RE: Q on NaN

[Drew Adams]

    > (numberp (/0.0 0.0)) returns t. That seems like a bug to me.

    Maybe it is, maybe it isn't.  (elisp)Arithmetic Operations says:

         If you divide an integer by 0, an `arith-error' error is signaled.
         (*Note Errors::.)  Floating point division by zero returns either
         infinity or a NaN if your machine supports IEEE floating point;
         otherwise, it signals an `arith-error' error.

    So if the machine supports IEEE floating point (most modern machines
    do), you aren't supposed to get `arith-error' in this case.  Maybe
    this is a bit counter-intuitive for someone who never did futz with
    NaNs, but at least Emacs behaves consistently with the docs.

I didn't say above that (/0.0 0.0) should give `arith-error'. I suggested
that perhaps `numberp' should return nil for a NaN argument, since "NaN"
means "not a number" and "numberp" means "a number". NaN is a floating-point
value, but is it a number?

    As for a way to test for a NaN, try this:
           (= (/ 0.0 0.0) (/ 0.0 0.0))
    It should evaluate to nil, since a NaN is defined to fail _any_
    arithmetic comparison, even a comparison to itself.
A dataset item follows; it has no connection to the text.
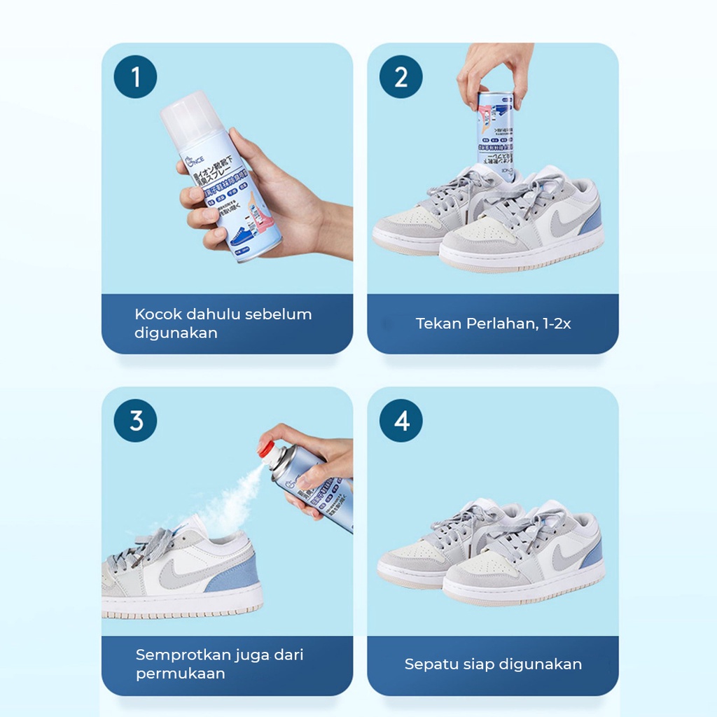 Kenapa Harus menggunakan Spray ini di banding pengharum sepatu lainnya? - Teknologi baru Ag+, lebih cepat dan lebih ampuh basmi bakteri penyebab bau - Tahan lebih lama dengan aroma segar dan nyaman - Ramah lingkungan - Lebih cepat menyebar keseluruh area sepatu dan lebih merata di banding menggunakan cairan parfum konvensional - Teknologi nano mist sehingga Tidak membekas dan membuat sepatu lembab - Non Stain Formula. Tidak menimbulkan noda - Menggunakan kepala pompa yang di rancang khusus untuk sepatu sehingga bisa di tancapkan secara terbalik kedalam sepatu
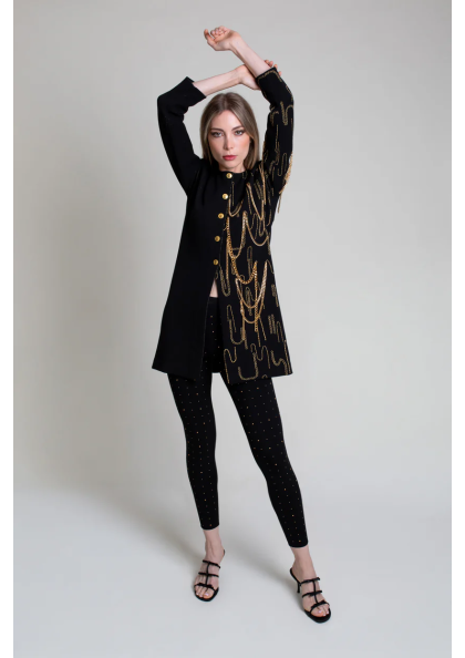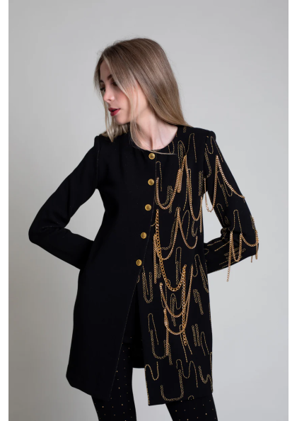 Abrigo de punto tricot con jacquar de cadenas en oro y adornos de cadena metálica. Modelo de corte encajado, cuello caja y manga larga. Cierre central con botones metálicos.

That doesn't tell me how to test if `foobar' is a NaN. See my previous
email: I knew I could test `(equal foo 0.0e+Nan)', but I thought I would
need to test against all of the possible NaN values.

A bit of experimenting shows, however, that, at least on my system, the
mantissa doesn't matter: (equal 0.0e+NaN -0.0e+NaN) is `t', as is (equal
1.0e+NaN -99.5e+NaN). There is effectively only a single NaN value.

So I guess the answer to my original question is this:

 (and (condition-case nil (setq foo (/ 0.0 0.0)) (arith-error nil))
      (not (equal 0.0e+NaN foo)))

Ugly, perhaps, but usable.

BTW, here is something I didn't expect:

 `M-:  0.0e+NaN' returns -0.0e+NaN
 `M-: -0.0e+NaN' returns  0.0e+NaN

The reader seems to flip the (irrelevant) sign.